Input -
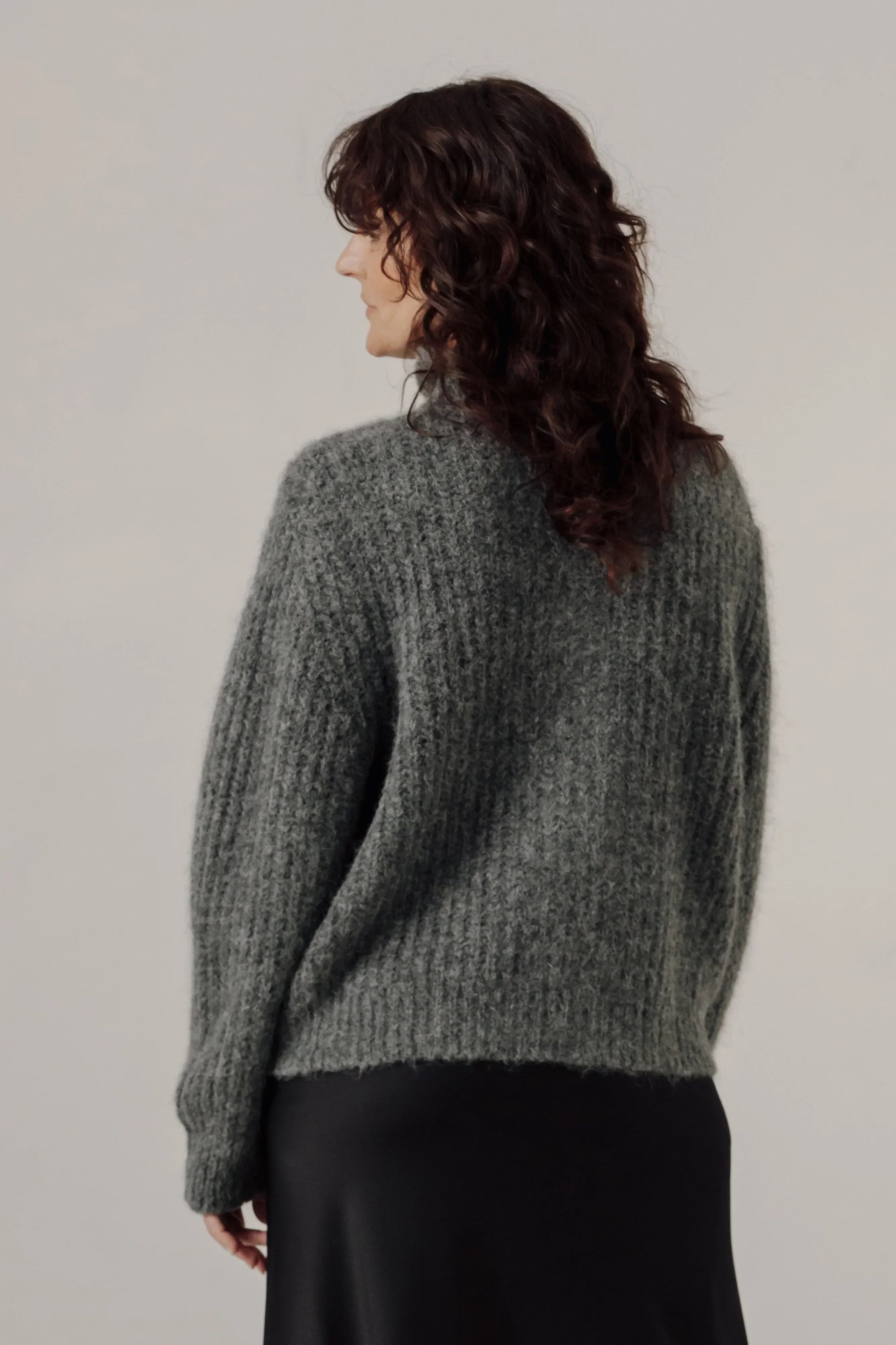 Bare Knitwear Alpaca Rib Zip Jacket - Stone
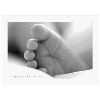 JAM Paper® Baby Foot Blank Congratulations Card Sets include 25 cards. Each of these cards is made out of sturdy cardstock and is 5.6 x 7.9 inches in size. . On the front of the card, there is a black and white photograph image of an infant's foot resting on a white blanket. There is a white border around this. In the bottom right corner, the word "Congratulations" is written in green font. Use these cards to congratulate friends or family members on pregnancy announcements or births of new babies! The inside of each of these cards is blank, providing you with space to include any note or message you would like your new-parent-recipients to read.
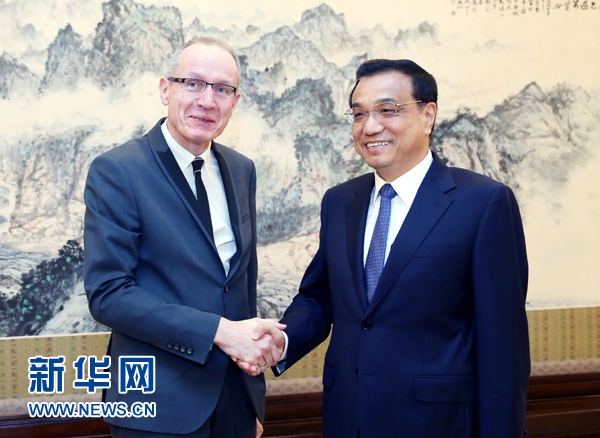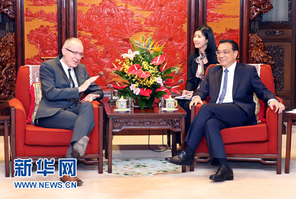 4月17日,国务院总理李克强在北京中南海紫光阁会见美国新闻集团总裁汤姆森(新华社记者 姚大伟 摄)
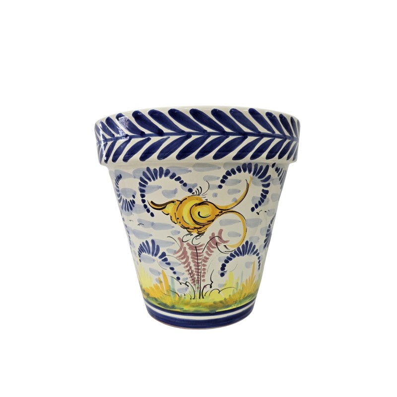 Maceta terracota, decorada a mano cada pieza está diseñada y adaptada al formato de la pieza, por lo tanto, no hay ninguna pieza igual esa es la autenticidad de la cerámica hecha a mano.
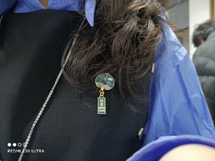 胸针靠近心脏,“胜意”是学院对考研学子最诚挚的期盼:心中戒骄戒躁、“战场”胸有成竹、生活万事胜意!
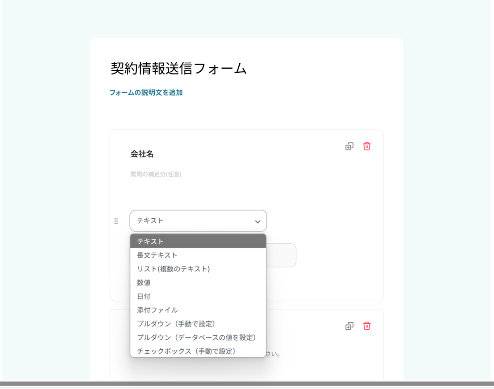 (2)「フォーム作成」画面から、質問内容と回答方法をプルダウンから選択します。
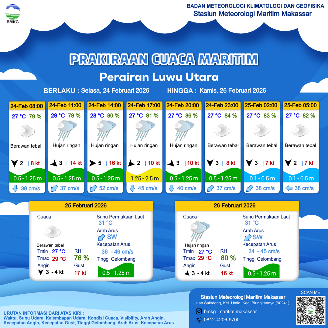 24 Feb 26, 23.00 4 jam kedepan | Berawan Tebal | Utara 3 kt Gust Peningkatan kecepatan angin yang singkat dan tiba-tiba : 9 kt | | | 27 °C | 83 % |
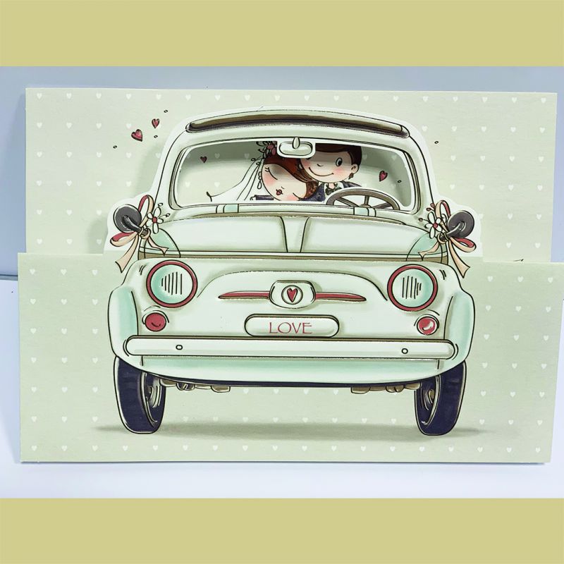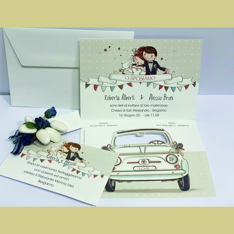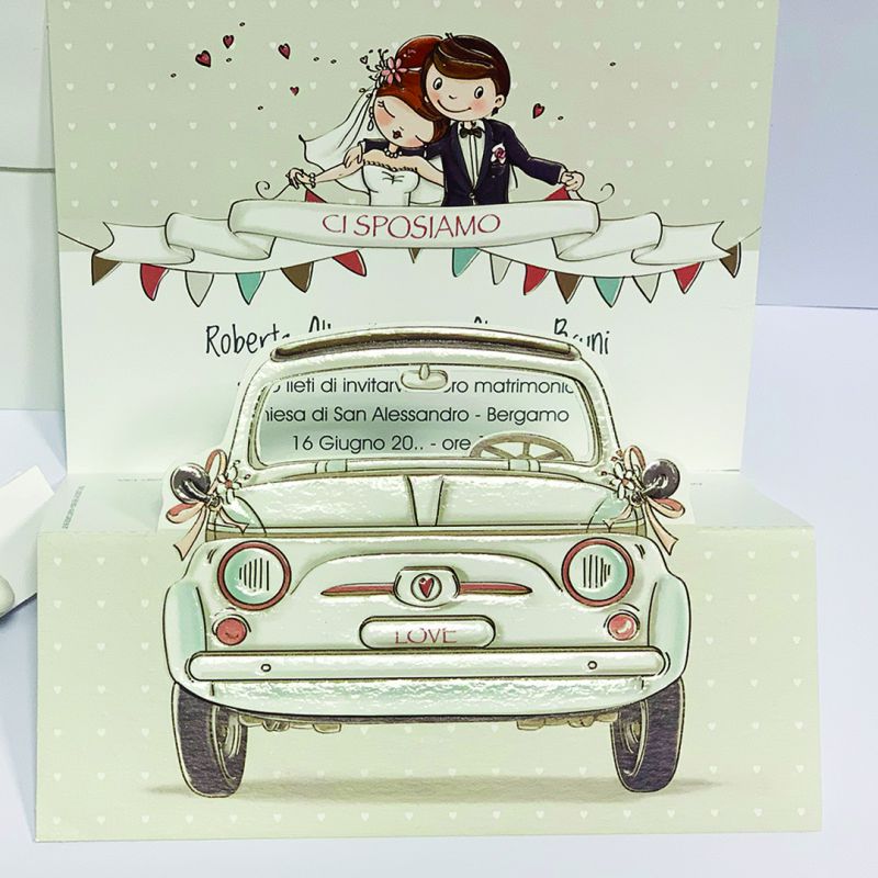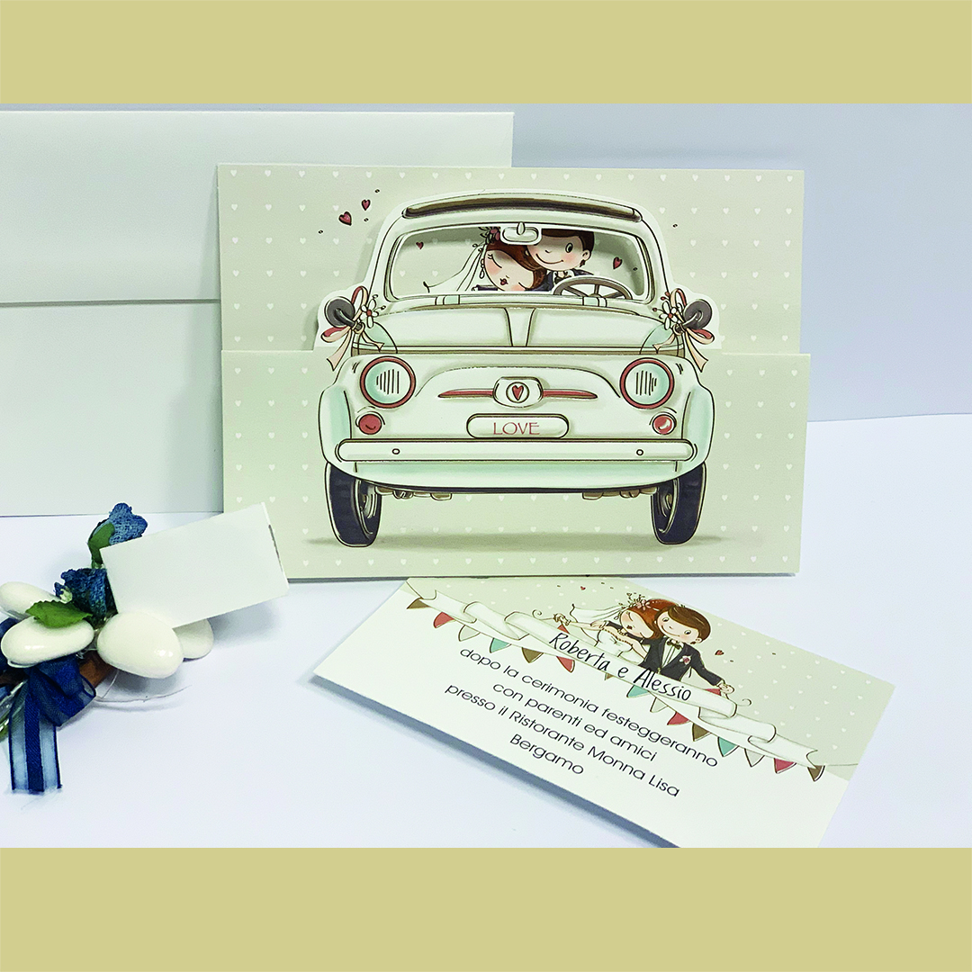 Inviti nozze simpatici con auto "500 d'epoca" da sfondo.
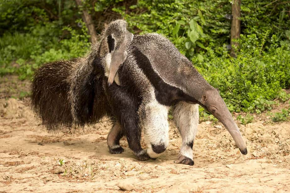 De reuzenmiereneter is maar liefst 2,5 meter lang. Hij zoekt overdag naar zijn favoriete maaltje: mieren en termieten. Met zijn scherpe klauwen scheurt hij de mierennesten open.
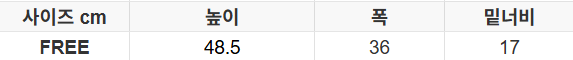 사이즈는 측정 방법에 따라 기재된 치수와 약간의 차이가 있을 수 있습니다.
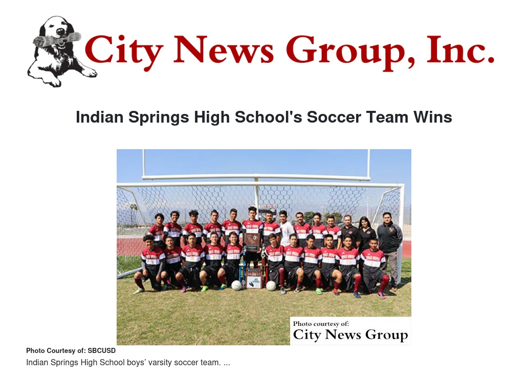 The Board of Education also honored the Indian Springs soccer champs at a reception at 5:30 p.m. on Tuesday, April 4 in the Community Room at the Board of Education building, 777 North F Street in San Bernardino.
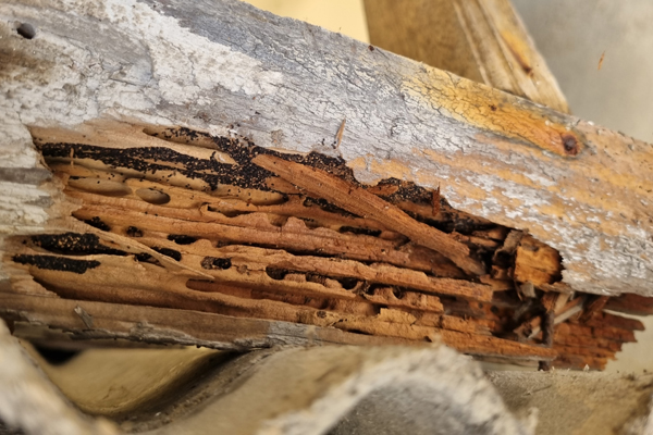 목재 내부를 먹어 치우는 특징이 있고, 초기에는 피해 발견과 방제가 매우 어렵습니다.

Work to complete -
Where pictures appear, omit them, and transcribe exactly, with nothing else, the lines from the line with "24 Feb 26, 23.00" through the final line of the records above, both ends included.

Answer box -
 24 Feb 26, 23.00 4 jam kedepan | Berawan Tebal | Utara 3 kt Gust Peningkatan kecepatan angin yang singkat dan tiba-tiba : 9 kt | | | 27 °C | 83 % |
 Inviti nozze simpatici con auto "500 d'epoca" da sfondo.
 De reuzenmiereneter is maar liefst 2,5 meter lang. Hij zoekt overdag naar zijn favoriete maaltje: mieren en termieten. Met zijn scherpe klauwen scheurt hij de mierennesten open.
 사이즈는 측정 방법에 따라 기재된 치수와 약간의 차이가 있을 수 있습니다.
 The Board of Education also honored the Indian Springs soccer champs at a reception at 5:30 p.m. on Tuesday, April 4 in the Community Room at the Board of Education building, 777 North F Street in San Bernardino.
 목재 내부를 먹어 치우는 특징이 있고, 초기에는 피해 발견과 방제가 매우 어렵습니다.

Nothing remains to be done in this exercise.